Imperial Britain's Afghan Agony

February 28, 2012 Topics: History Regions: AfghanistanUnited Kingdom

Imperial Britain's Afghan Agony

Mini Teaser: America's effort to shape events in Afghanistan has many historical antecedents. None ended in greater tragedy than Britain's involvement there from 1838–1842. Diana Preston offers a well-researched, well-written account of this sad tale.

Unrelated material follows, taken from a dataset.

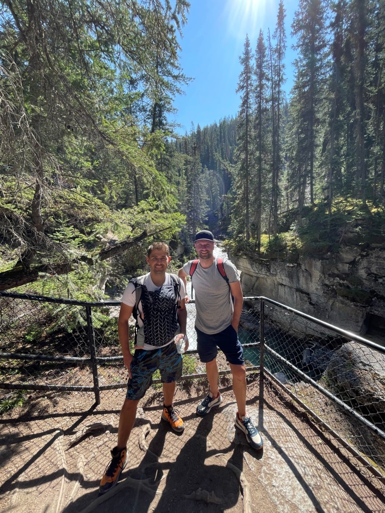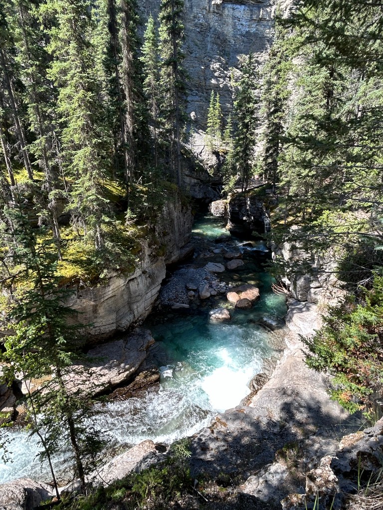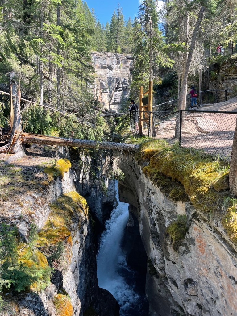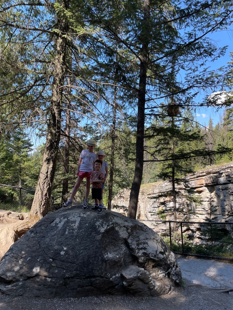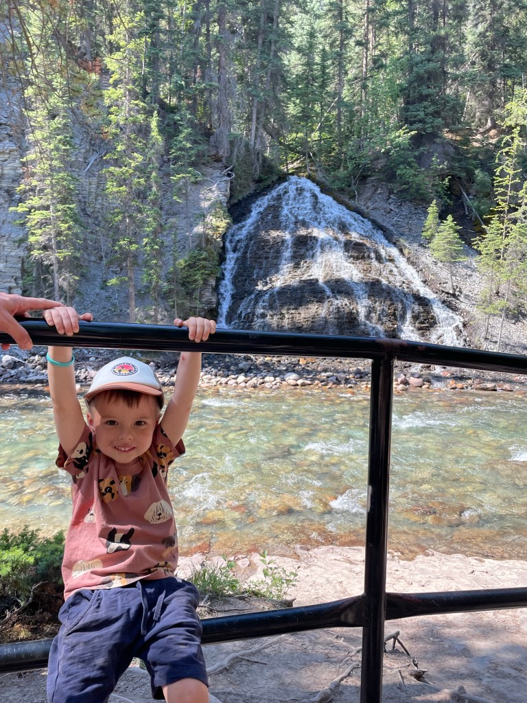 Na pierwszy ogień poszedł Maligne Canyon, czyli najgłębszy kanion w Jasper, w niektórych odcinkach ma aż 50 metrów głębokości. Cały czas idzie się wzdłuż kanionu a w ramach urozmaicenia do pokonania jest 6 mostów. Szósty był na tyle daleko położony, że zadowoliliśmy się pięcioma ;). Widoki po drodze są przepiękna, turkusowa woda, wodospady, niesamowite szczeliny. Bardzo polecamy tę atrakcję. I muszę dzisiaj pochwalić Leona bo był mega zuchem! Sam przemaszerował prawie całą trasę! Ogólnie oglądając kanion trzeba zrobić pętlę i wrócić do samochodu ale żeby nie przemęczać dzieciaków Przemek z Szymkami (i z dzielnymi dziewczynkami które zostały skuszone wizją lodów😂) zrobili trasę dookoła a ja z Leonem i Matyldą poczekałam na podwózkę rzucając z Leonem kamieniami do rzeki, był zachwycony.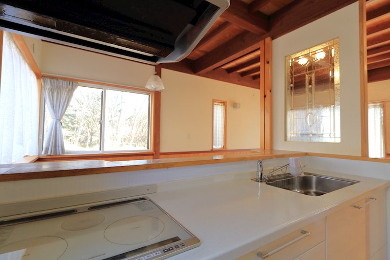 解放感のあるオープンカウンター仕様。コンロは安心安全なIHクッキングヒーターを備えております。

by Author(s): Seth G. Jones
 

In 2008, Najibullah Zazi, an Afghan American, traveled to Pakistan, where he received training in bomb making and agreed to undertake a “martyrdom operation” inside the United States. Zazi was arrested the following year and confessed to planning to detonate a bomb in the New York City subway. In December 2009, five Americans from Alexandria, Virginia—who were in contact with an al-Qaeda facilitator near the Afghanistan-Pakistan border—were arrested in Pakistan and later convicted on terrorism charges. They had been radicalized in the United States and went to Pakistan for training and operational guidance. Finally, in May 2010, Faisal Shahzad attempted to detonate an improvised explosive device in Times Square in New York City after being trained along the border by bomb makers from the Pakistani Taliban.

This pattern demonstrates that the situation now is vastly different from that of the early nineteenth century. Actors in Afghanistan and Pakistan can directly threaten American and European homelands, an unthinkable prospect in the 1800s. As a result, the risks of a complete withdrawal like the one the British orchestrated in 1842 would be far greater.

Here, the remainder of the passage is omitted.